Polusi Udara Parah Selimuti New Delhi: Krisis yang Tak Kunjung Usai

ORBITINDONESIA.COM – New Delhi kembali diselimuti kabut asap beracun, mendorong tingkat polusi udara ke level terburuk dalam beberapa minggu terakhir. Lebih dari 40 penerbangan dibatalkan dan puluhan lainnya mengalami penundaan, sementara lebih dari 50 kereta api mengalami keterlambatan berjam-jam.

New Delhi, ibu kota India, kerap menghadapi masalah polusi udara parah terutama di musim dingin. Fenomena ini diperparah dengan pembakaran sisa tanaman di negara bagian sekitar, suhu dingin yang menjebak asap, serta polusi dari kendaraan dan industri. Tingkat polusi sering kali melebihi 20 kali lipat dari batas aman yang direkomendasikan oleh Organisasi Kesehatan Dunia.

Data dari Central Pollution Control Board menunjukkan indeks polusi mencapai level 'parah', yang dapat menyebabkan efek pernapasan pada orang sehat dan memperburuk kondisi mereka dengan penyakit jantung atau paru-paru. Penggunaan generator diesel dan kegiatan konstruksi telah dibatasi, namun para ahli lingkungan menekankan perlunya perubahan jangka panjang untuk mengatasi krisis ini.

Vimlendu Jha, seorang ahli lingkungan di Delhi, menyatakan bahwa udara di Delhi tidak pernah benar-benar bersih sepanjang tahun. Shweta Narayan dari Global Climate and Health Alliance mengkritik kurangnya mekanisme sistematis untuk menghitung kematian terkait polusi udara. Para penduduk semakin frustrasi dengan kegagalan pemerintah dalam menangani masalah ini, yang telah menimbulkan dampak kesehatan serius.

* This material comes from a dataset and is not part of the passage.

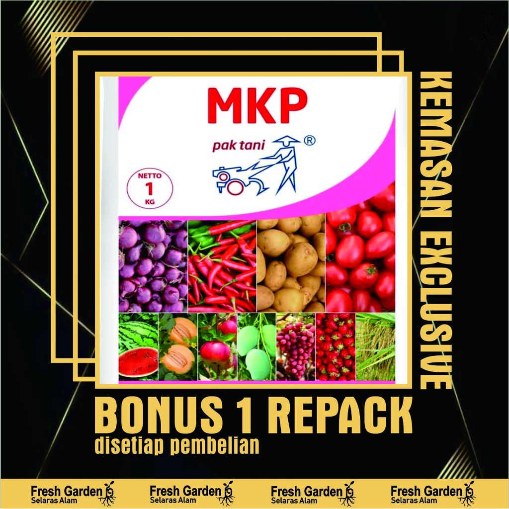1 bks isi : 50 gramMerek : Pak TaniMKP ( Mono Kalium Phosphate ) merupakan pupuk kimia dalam bentuk kristal yang mudah larut dalam air, aplikasi mudah dengan cara ditabur, dikocor/disiram, disemprotkan atau sistem hidroponikKeunggulan MKP Pak Tani :1.Merangsang pertumbuhan akar2.Merangsang pembungaan 3.Merangsang pertumbuhan buah 4.Mencegah bunga dan buah rontok5. Membantu pembesaran umbi pada tanaman kentang, wortel, bawang merah, talas dll 6.Meningkatkan daya tahan tanaman terhadap serangan penyakit7.Meningkatkan kualitas buah Pupuk MKP bisa digunakan sebagai nutrisi hidroponik karena bersifat mudah larut (instan soluble) dan tidak meninggalkan endapan.•pemakaian MKP Pak Tani 1% ( 10 gr / liter air ) yang dicampur dengan fungisida sistemik dapat meningkatkan efikasi fungisida terutama dalam mengendalikan powdery mildew pada tanaman apel, melon, semangka, mentimun, anggur, stroberi dan mangga•cocok digunakan untuk semua jenis tanaman : padi, jagung, semangka, melon, cabai, tomat, mentimun, tanaman hias, palawija, tanaman perkebunan serta tanaman yang ditanam di green house / hidroponik Aplikasi : mulai menjelang pembungaan ( fase generatif ) Kandungan unsur hara pada MKP Pak Tani : P2O5 ( Phosphate ) : 53% K2O ( Potassium Oxide ) :

Dengan lebih dari 1,5 juta kematian terkait polusi udara setiap tahun di India, saatnya pemerintah dan masyarakat global mengambil tindakan nyata. Apakah kita akan terus menunda tindakan hingga krisis ini tak tertahankan? Solusi jangka panjang harus diimplementasikan untuk menyelamatkan masa depan kota ini.